### INFORMATION SHOWN
────────────────────
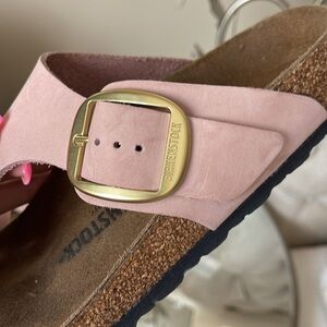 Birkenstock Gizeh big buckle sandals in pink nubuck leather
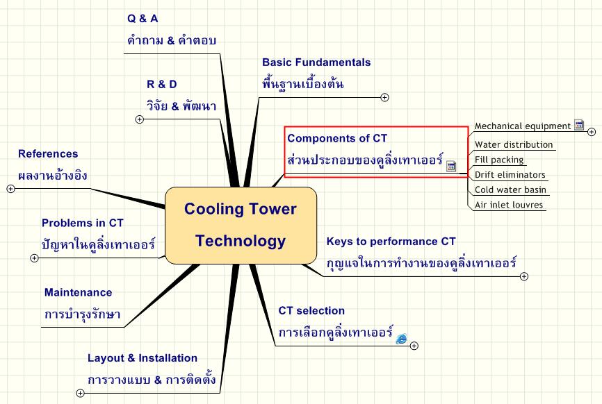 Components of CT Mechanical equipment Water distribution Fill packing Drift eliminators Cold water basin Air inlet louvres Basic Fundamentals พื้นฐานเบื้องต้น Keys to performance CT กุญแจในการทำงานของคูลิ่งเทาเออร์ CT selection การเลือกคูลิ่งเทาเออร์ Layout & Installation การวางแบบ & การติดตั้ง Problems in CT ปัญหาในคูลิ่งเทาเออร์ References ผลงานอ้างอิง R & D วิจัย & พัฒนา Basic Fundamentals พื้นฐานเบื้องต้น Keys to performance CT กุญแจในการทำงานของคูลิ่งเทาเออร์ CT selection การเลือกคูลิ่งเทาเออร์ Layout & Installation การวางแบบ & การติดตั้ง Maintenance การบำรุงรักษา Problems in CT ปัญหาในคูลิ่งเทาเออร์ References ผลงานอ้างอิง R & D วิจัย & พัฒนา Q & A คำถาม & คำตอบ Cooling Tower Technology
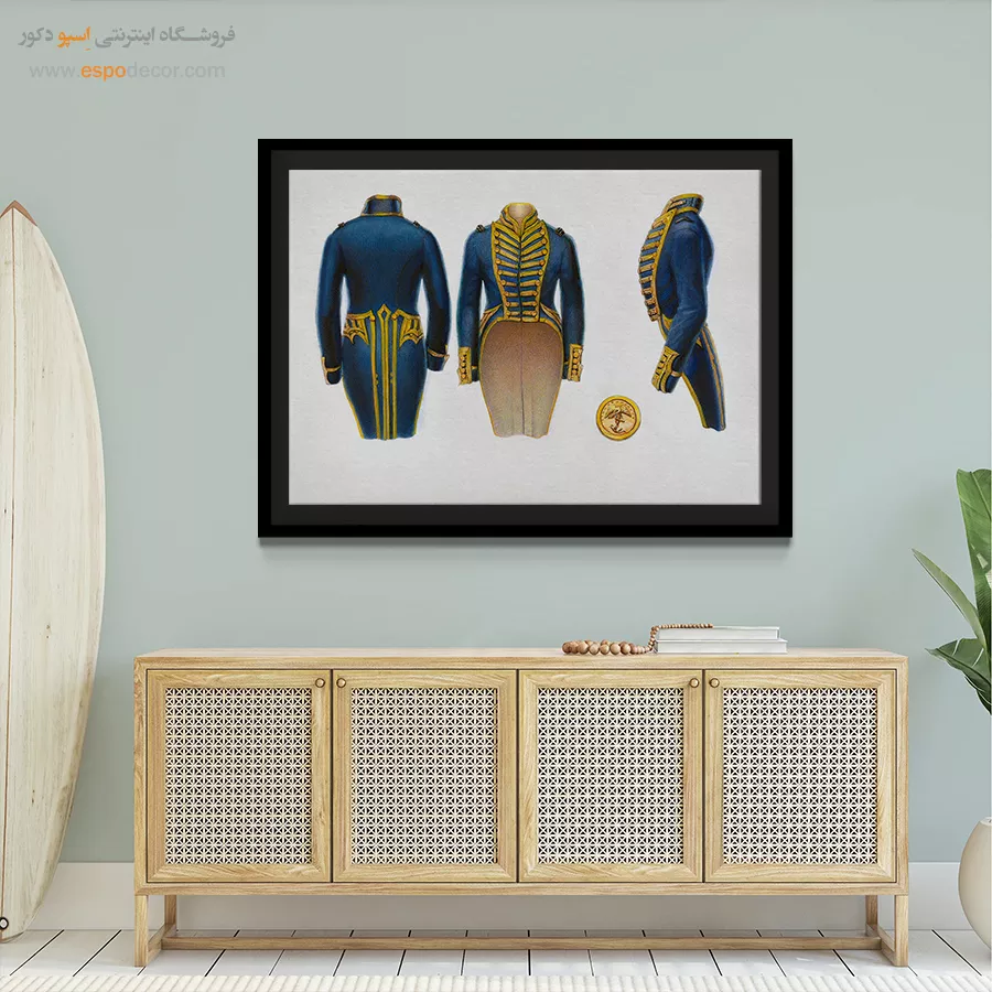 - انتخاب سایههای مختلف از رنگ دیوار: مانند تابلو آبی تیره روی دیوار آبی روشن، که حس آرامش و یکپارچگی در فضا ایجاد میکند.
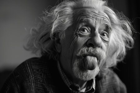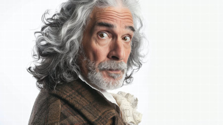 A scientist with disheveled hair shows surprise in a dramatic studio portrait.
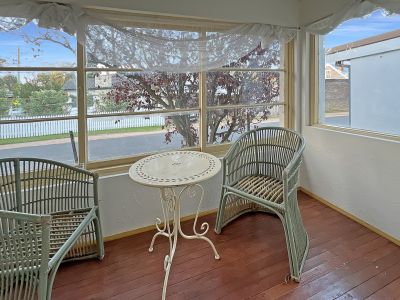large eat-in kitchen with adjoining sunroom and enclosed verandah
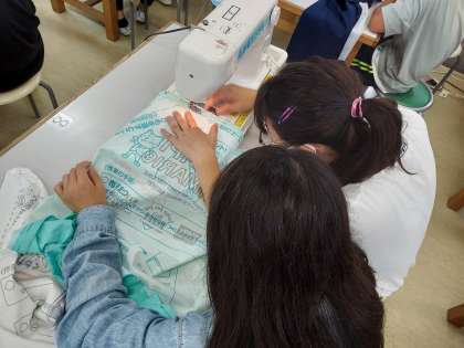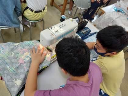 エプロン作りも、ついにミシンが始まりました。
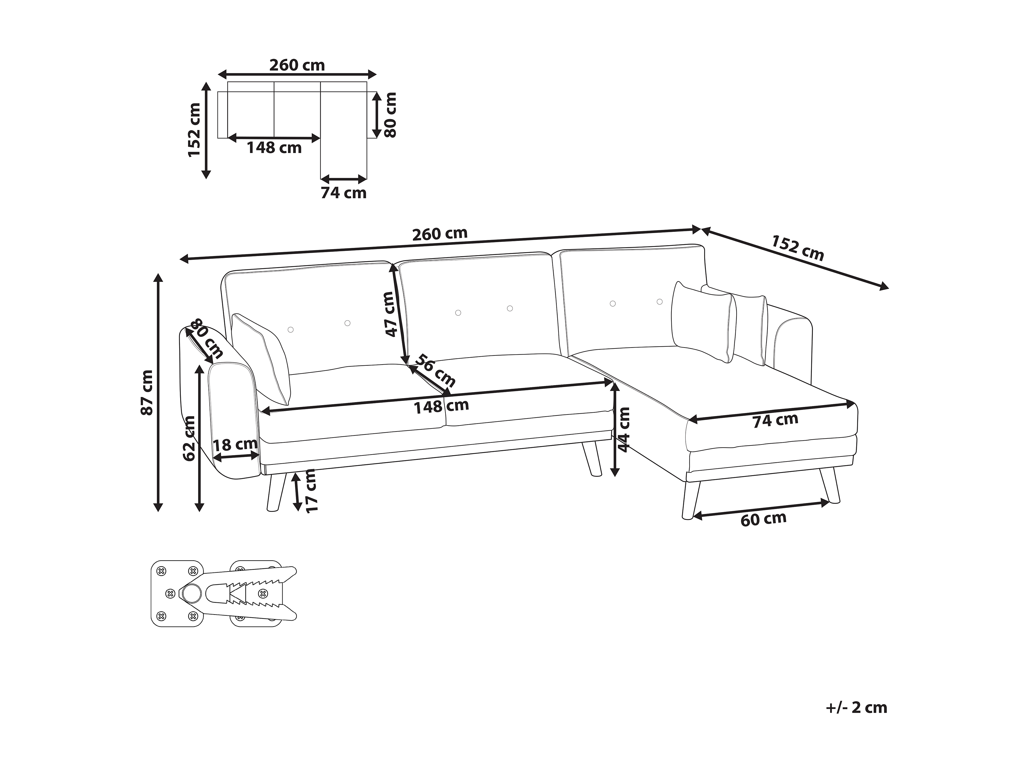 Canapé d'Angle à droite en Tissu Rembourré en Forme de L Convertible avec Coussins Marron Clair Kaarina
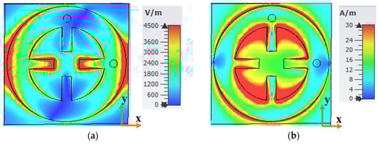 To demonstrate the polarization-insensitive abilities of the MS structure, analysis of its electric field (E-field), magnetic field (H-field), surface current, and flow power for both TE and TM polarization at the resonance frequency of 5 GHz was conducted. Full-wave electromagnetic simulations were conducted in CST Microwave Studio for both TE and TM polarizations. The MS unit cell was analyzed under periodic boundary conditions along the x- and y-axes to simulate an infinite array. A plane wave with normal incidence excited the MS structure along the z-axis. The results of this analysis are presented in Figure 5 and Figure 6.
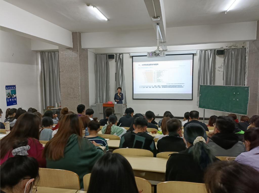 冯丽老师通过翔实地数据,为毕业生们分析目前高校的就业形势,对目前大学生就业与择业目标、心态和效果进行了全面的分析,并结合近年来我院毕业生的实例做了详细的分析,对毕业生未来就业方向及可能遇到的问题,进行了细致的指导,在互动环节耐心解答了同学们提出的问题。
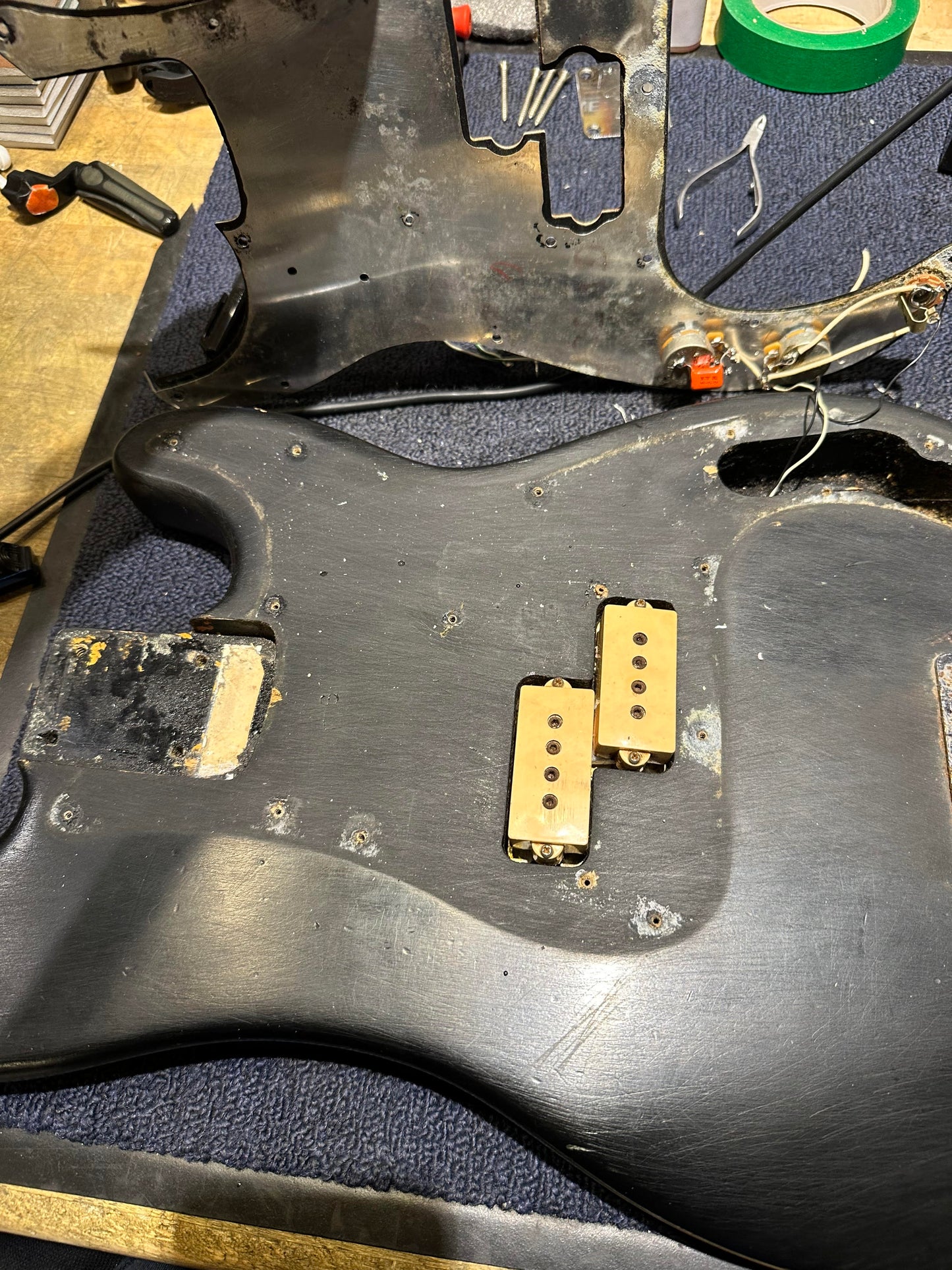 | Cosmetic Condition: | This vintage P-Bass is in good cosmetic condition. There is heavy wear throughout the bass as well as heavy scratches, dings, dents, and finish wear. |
────────────────────
### WORK INSTRUCTION
Leaving out all pictures, repeat word for word the lines from the one containing "A scientist with" through the final line of the material above.

### RESPONSE FOR THIS EXERCISE
 A scientist with disheveled hair shows surprise in a dramatic studio portrait.
large eat-in kitchen with adjoining sunroom and enclosed verandah
 エプロン作りも、ついにミシンが始まりました。
 Canapé d'Angle à droite en Tissu Rembourré en Forme de L Convertible avec Coussins Marron Clair Kaarina
 To demonstrate the polarization-insensitive abilities of the MS structure, analysis of its electric field (E-field), magnetic field (H-field), surface current, and flow power for both TE and TM polarization at the resonance frequency of 5 GHz was conducted. Full-wave electromagnetic simulations were conducted in CST Microwave Studio for both TE and TM polarizations. The MS unit cell was analyzed under periodic boundary conditions along the x- and y-axes to simulate an infinite array. A plane wave with normal incidence excited the MS structure along the z-axis. The results of this analysis are presented in Figure 5 and Figure 6.
 冯丽老师通过翔实地数据,为毕业生们分析目前高校的就业形势,对目前大学生就业与择业目标、心态和效果进行了全面的分析,并结合近年来我院毕业生的实例做了详细的分析,对毕业生未来就业方向及可能遇到的问题,进行了细致的指导,在互动环节耐心解答了同学们提出的问题。
 | Cosmetic Condition: | This vintage P-Bass is in good cosmetic condition. There is heavy wear throughout the bass as well as heavy scratches, dings, dents, and finish wear. |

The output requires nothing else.